Сейчас, когда все встало на свои места, между нами установилась связь. Если так можно выразиться. Я чувствую ее, она чувствует меня. Мне ее любовь приносит облегчение, ей она приносит боль. Потому что она корит себя, что была так категорична. Что все решила так окончательно. Никогда и не сомневалась в правильности принятого решения. И потом, когда прошли годы, она не искала меня, не интересовалась моей жизнью. Устраивала свою.
В какой-то момент я даже подумал – а зачем ей ее устроенная жизнь? Рассталась бы с ней, и ко мне..
Но это невозможно. Всему свое время. Пусть уж она отживет свой срок, а там и встретимся. Что такое человеческая жизнь по сравнению с вечностью?

Тем временем заканчивались мои сорок дней после смерти.
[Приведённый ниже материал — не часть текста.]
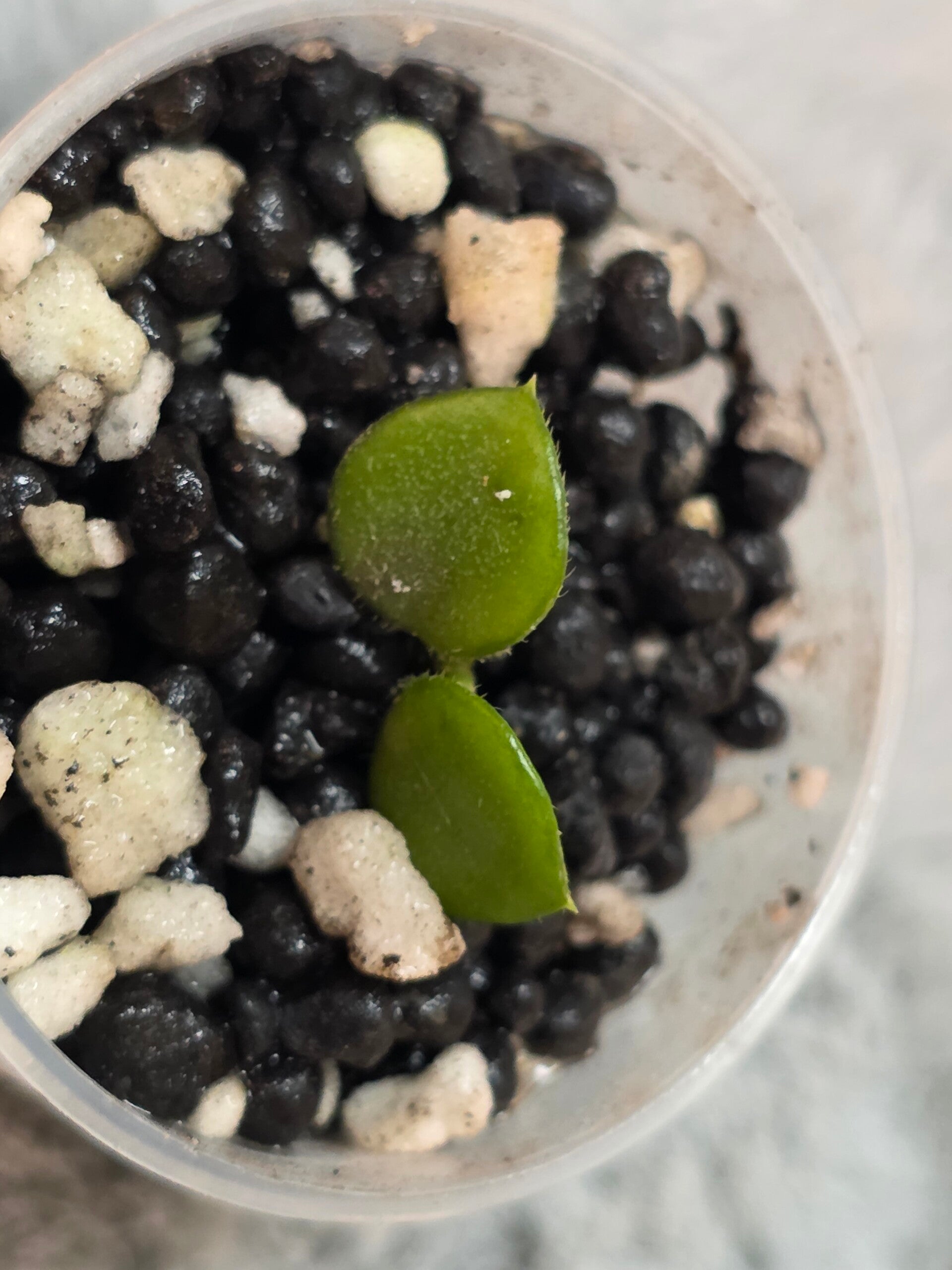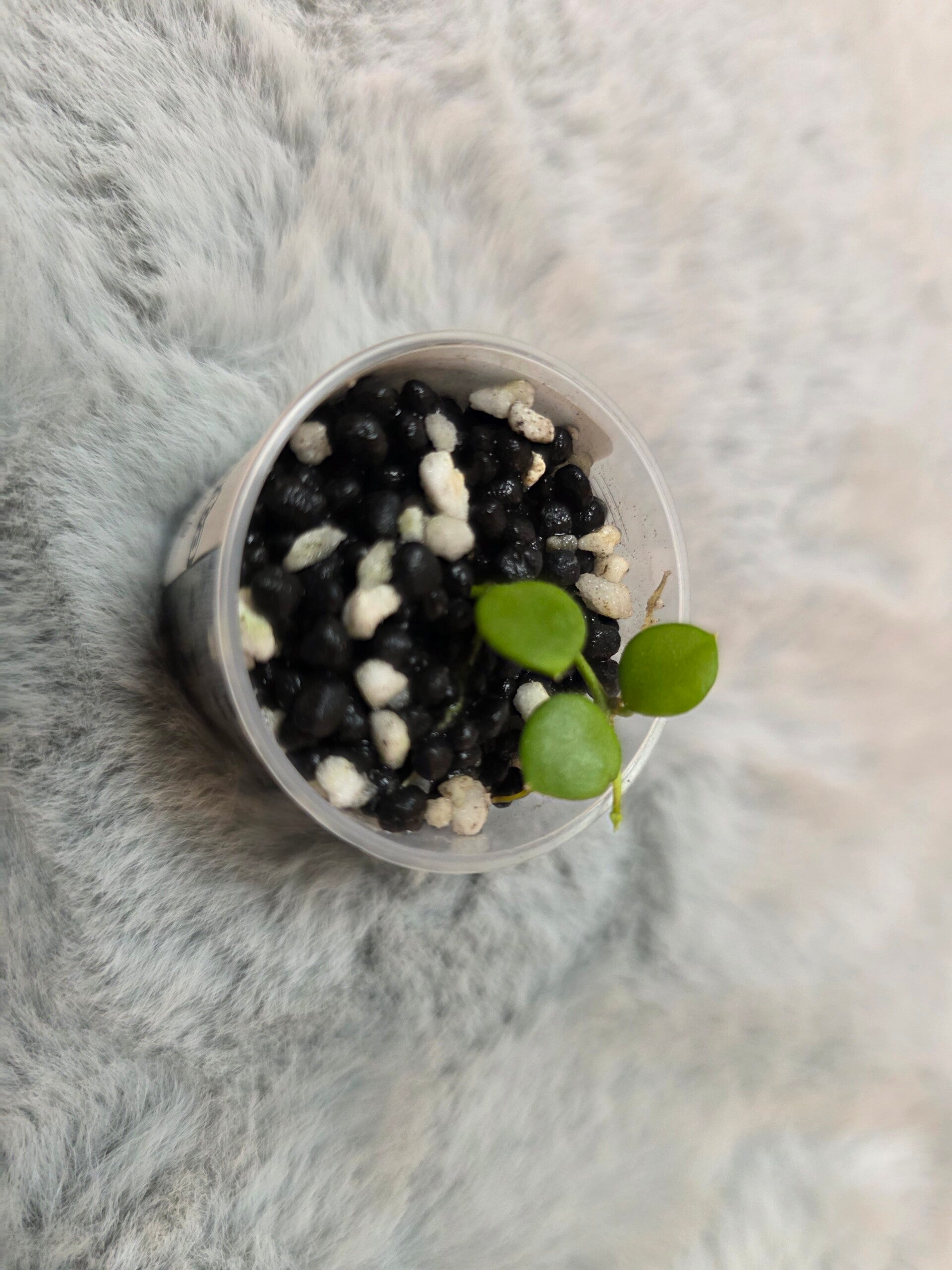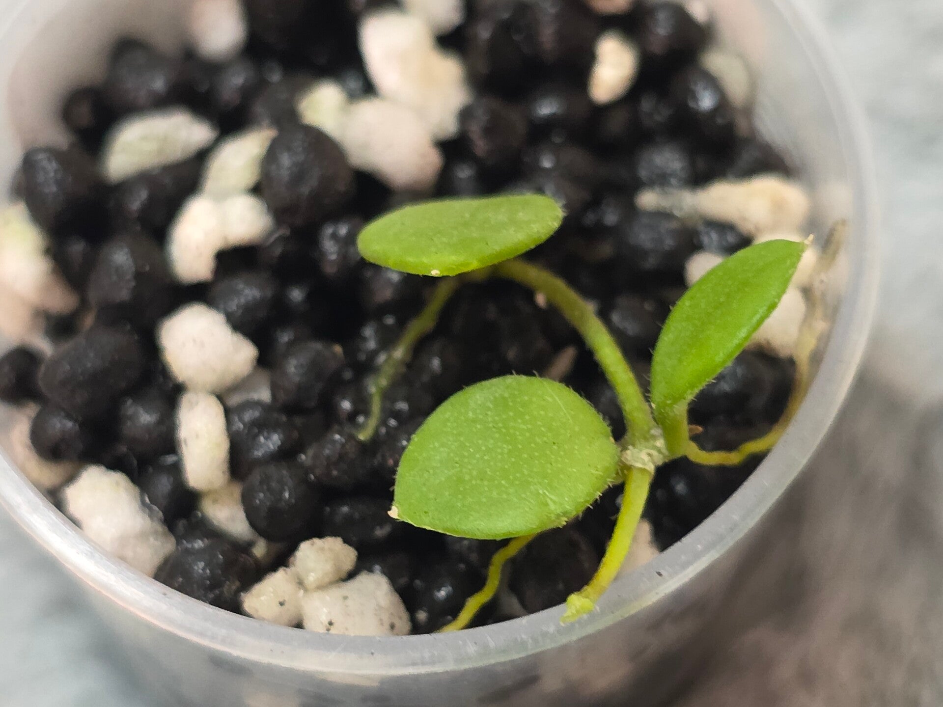 Diese ist leicht bewurzelt und steht in einem Acrylbecher mit Stratum und Kanuma.
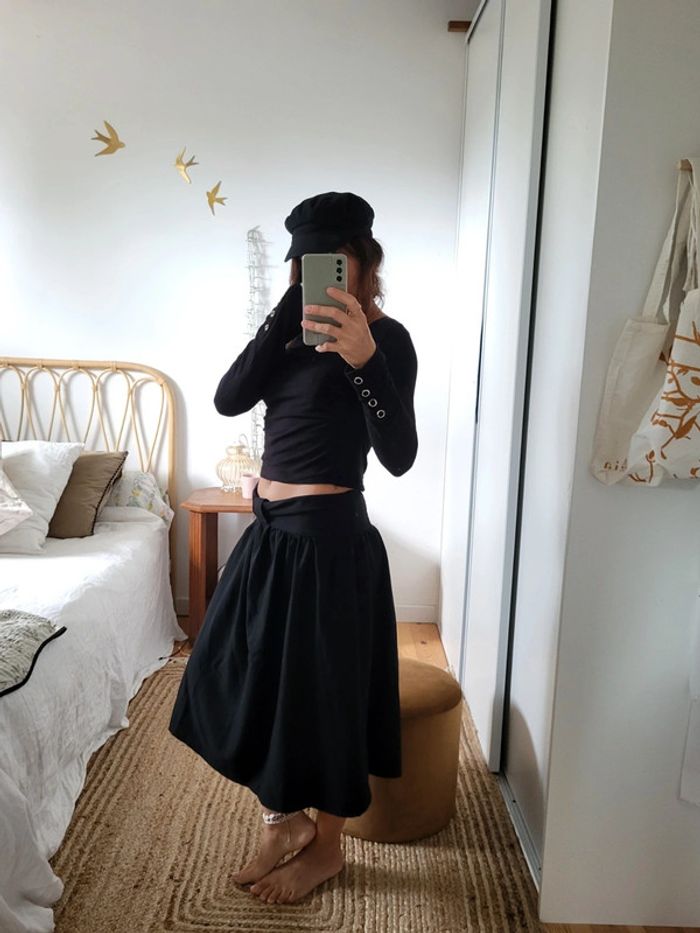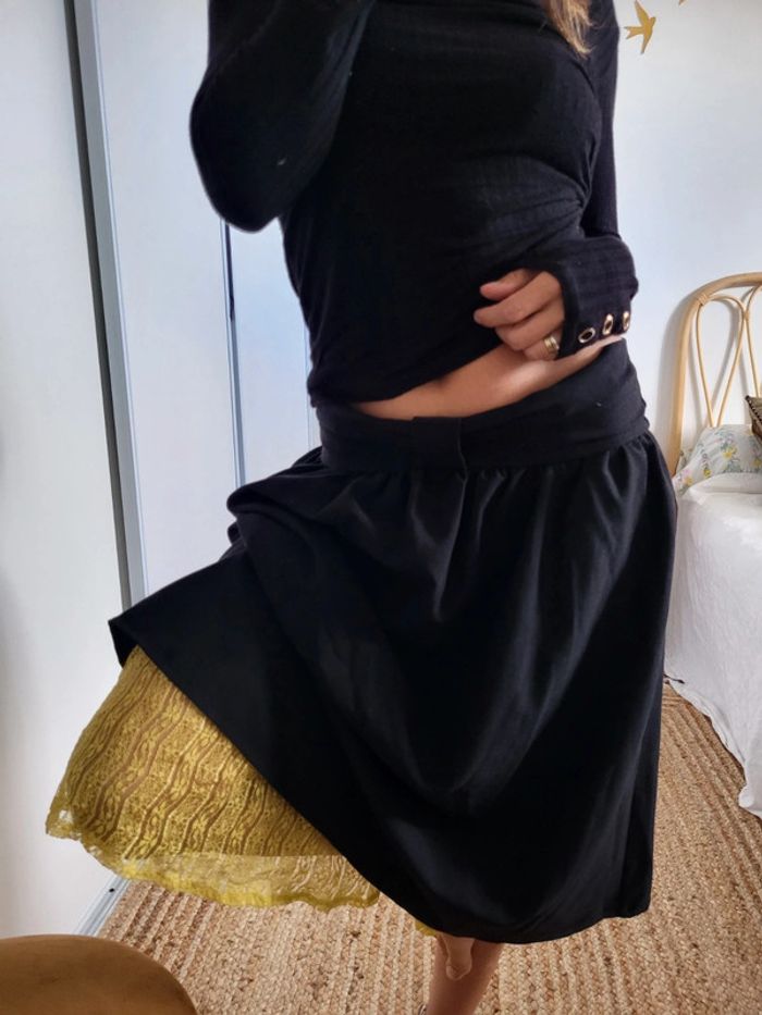 Jupe noire longue doublée dentelle jaune Taille M En parfait etat

Меня страшила эта дата – ведь будет решаться моя судьба… Мне представлялся такой суд, вроде школьной комиссии, перед которой я предстану, и они будут разбирать мои грехи, один за другим, все припомнят, за все придется краснеть, отвечать.
Но ничего подобного не произошло.
Просто в один прекрасный – да, я не оговорился, прекрасный момент – я понял, что моя судьба решилась. Причем весьма положительно.
Я буду сопровождать ее, свою любовь, до конца ее дней, я буду ее ангелом. А после смерти мы встретимся.